I did continue to wear my "crutch" necklace. What’s a crutch necklace? Back last summer when I had a lot of issues with anxiety (which seems to have become some 80-90% better post-BC) I read that sufferers often need a crutch. It might be a person or a thing. "As long as I have or am with _____ I'll be fine."

My crutch started out as my stainless essential oil diffuser necklace along with a sterling mermaid Tim bought me in Amsterdam. After Christmas, I added an "I Am Groot" medallion (from Mark, saluting our favorite saying from the movie Guardians of the Galaxy). Later I asked him to make me a second one “Jedi” (Star Wars being core to Matthew and the whole family). Along the way, I've added a few other trinkets (a crystal, a dragon charm, and a breast cancer tiny charm sphere from Tim's mom). So as I trek off for bloodwork or chemo or any of my other adventures, my family goes with me in spirit. It may be a crutch, but it’s also a piece of my heart.

But I started missing my wedding ring. I put it and my anniversary band back on this week along with its opposing mate on my other hand. It feels good having them back on and I may put my earrings back in as well.
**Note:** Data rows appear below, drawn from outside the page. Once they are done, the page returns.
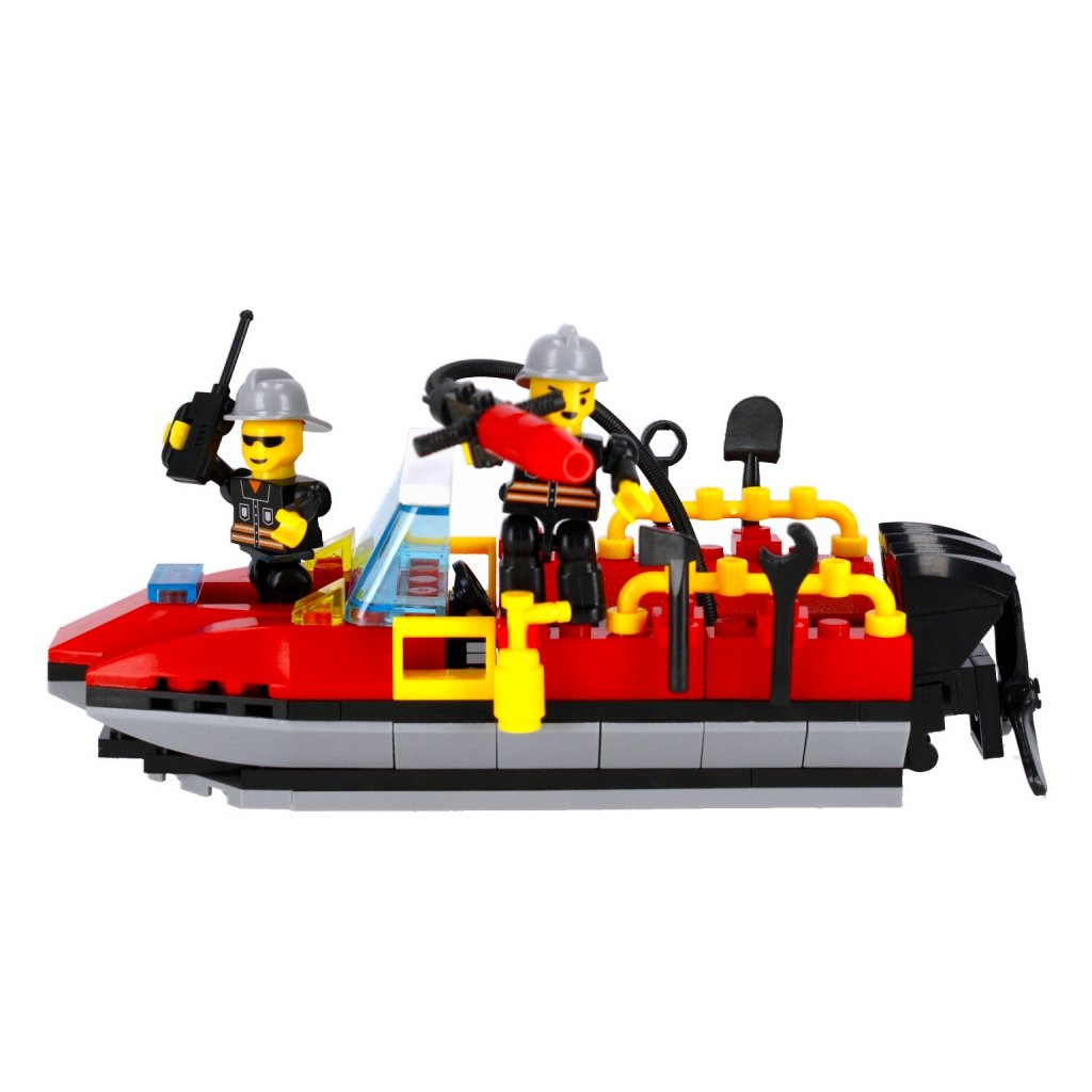 Hasičský čln s postavičkou Stavebnica, má rozmery 16x8x8 cm. Cena je za kus, ktorý obsahuje od 118 prvkov a montážny návod. Vhodné pre deti 6+....
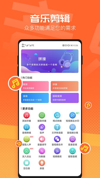 我最喜欢的是它的拼接功能,可以把多首歌组合在一起,做串烧音乐特别好玩。而且格式转换也支持很多种格式,aac、flac这些都能转,挺实用的。总的来说,这个app真的很适合音频编辑新手和爱好者,功能全面又简单好用。
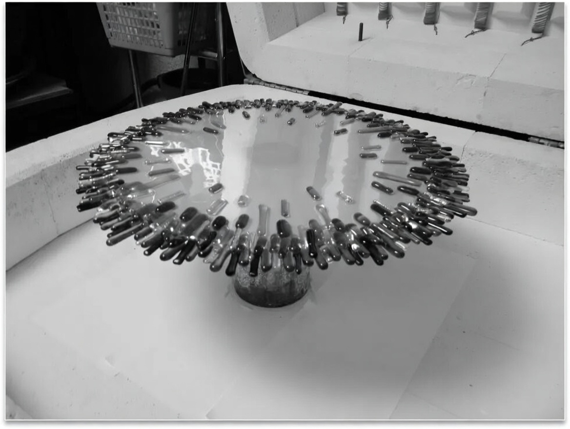 Le fusing est une technique ancestrale qui remonte à environ 3 500 ans et qui servait déjà à créer des objets en verre finement ouvragés. Le mot « fuse » signifie littéralement fondre, et c’est bien de cela qu’il s’agit : faire fondre du verre dans un four pour le modeler. À l’époque, cette méthode de travail au four était longue et exigeante, ce qui limitait fortement la taille des pièces réalisables. Elle connut ses premiers grands développements en Mésopotamie, avant d’atteindre son apogée sous la civilisation égyptienne antique. Au début de notre ère, le soufflage du verre supplanta progressivement cette technique. Le fusing réapparut en Europe vers 1870, puis connut un véritable renouveau à partir des années 1980, d’abord aux États-Unis, avant de se diffuser dans le monde entier. Parmi les artistes contemporains qui maîtrisent et subliment cette technique, on peut citer Narcissus Quagliata.
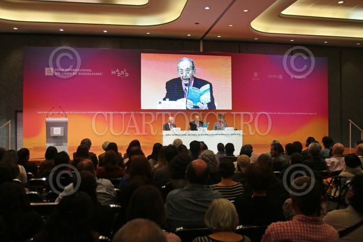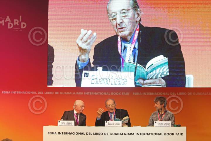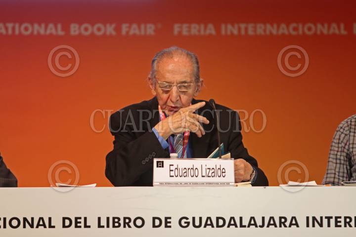 GUADALAJARA, JALISCO, 26NOVIEMBRE2017.- Presencia de Eduardo Lizalde ganador del Premio Internacional Carlos Fuentes, esto en el Marco de la edición 31 de la Feria Internacional del Libro de Guadalajara que se lleva a cabo en las instalaciones de la Expo. FOTO: FERNANDO CARRANZA GARCIA / CUARTOSCURO.COM
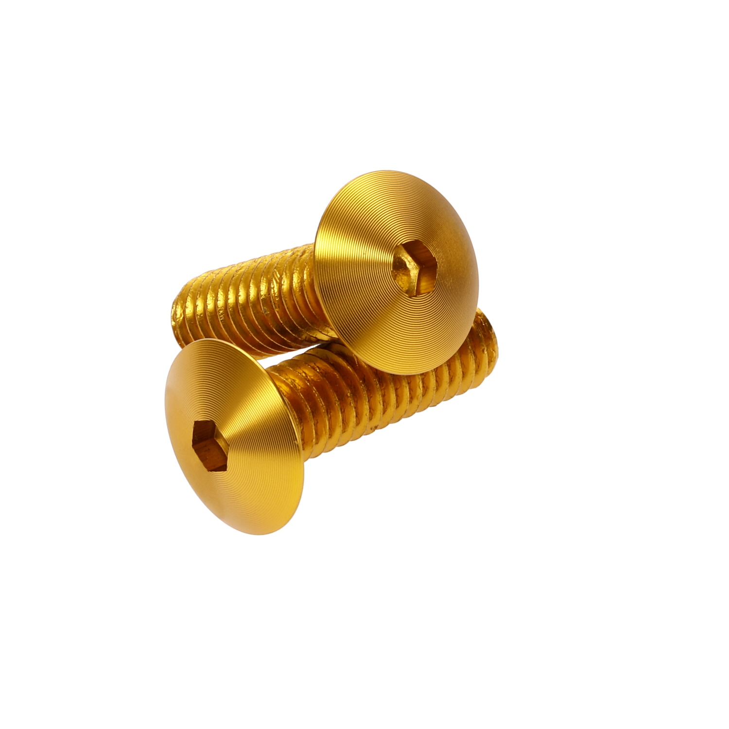 Low Profile Gold Anodized Aluminum Bolt 5/16-18 Thread, Length 5/16'', 3/32'' Hex Broach
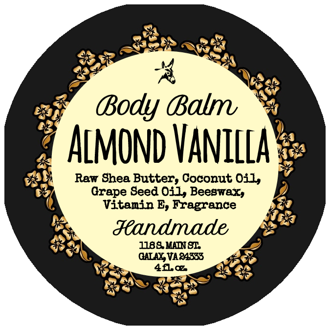 Coconut Oil, Grapeseed Oil, Shea Butter, Beeswax, Vitamin E, essential oil of bitter almond, vanilla fragrance.
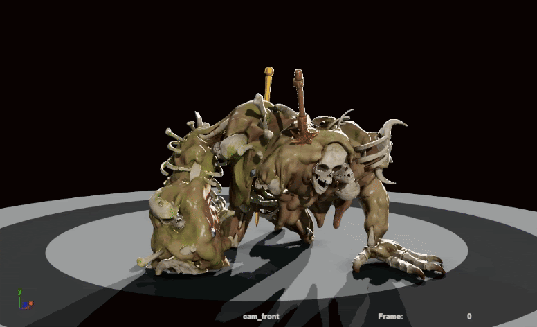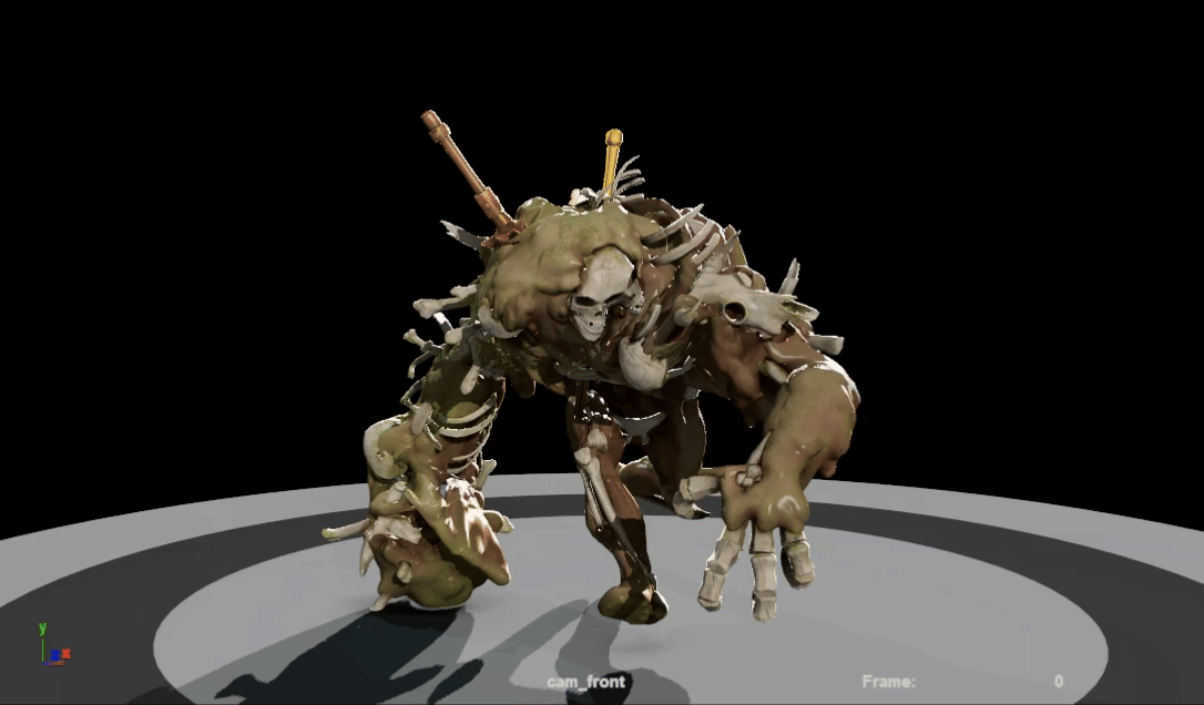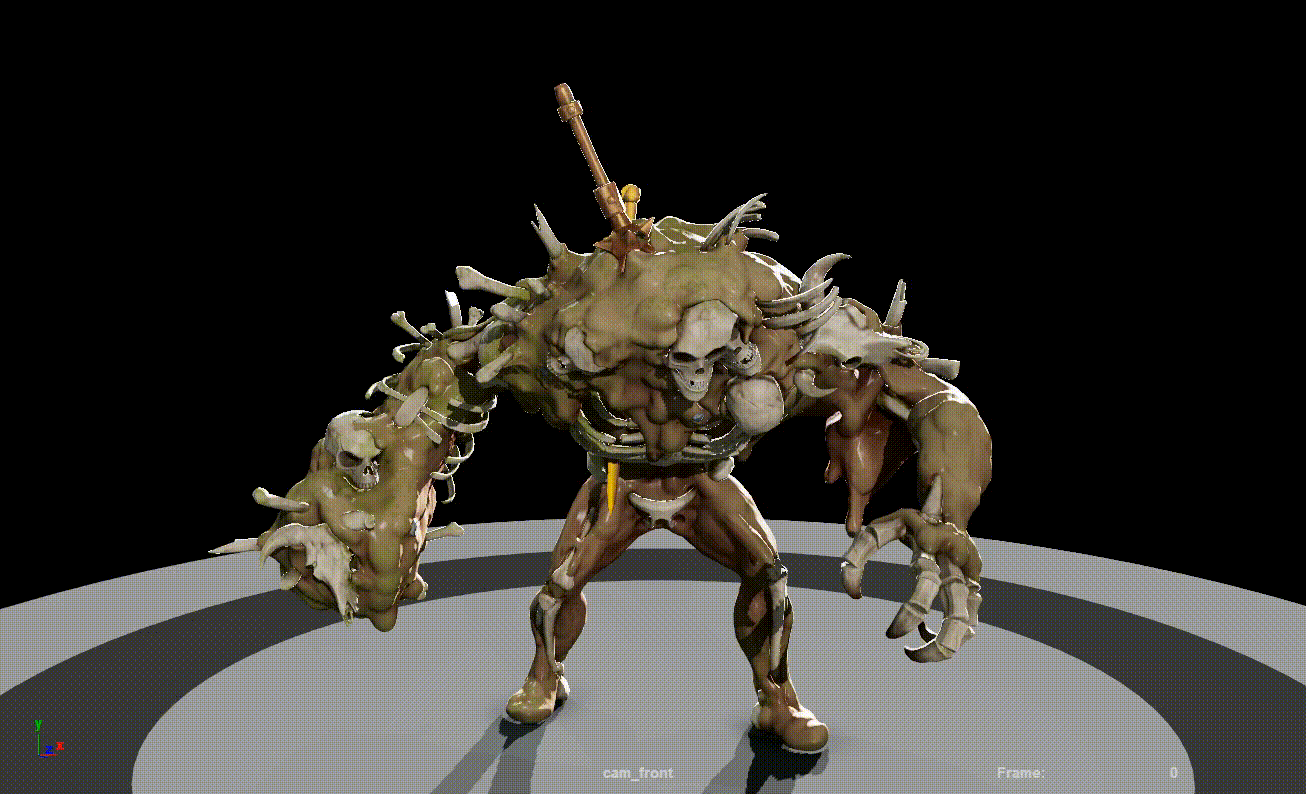 We finally finished all the combat animations for this big spooky dude! We added some status animations like standing after being knocked prone, finished his attack animations, and added his death animations.

I'm not ready for all twelve, but a sign that a little bit of my old self is under there someplace is a good thing, I think.
I've gone through a lot of shifts these past few weeks. I’ve shaken off a lot of dust. I feel like the universe is saying it's okay to integrate and knit the old and the new me back together.

PS: I want to add that I am grateful for each and every one of you. Thank you for standing with me and for your encouraging messages (both on and offline). Also for those of you who have also taken my messages to heart and tried new things, I congratulate you for being brave with me. We got this. “We are Groot.” Which for those of you who don’t know, it’s kind of like saying we are an eclectic team who stands together through thick and thin.

PSS: I have now had chemo #4 - the supposed halfway mark. I see the oncologist on May 1st.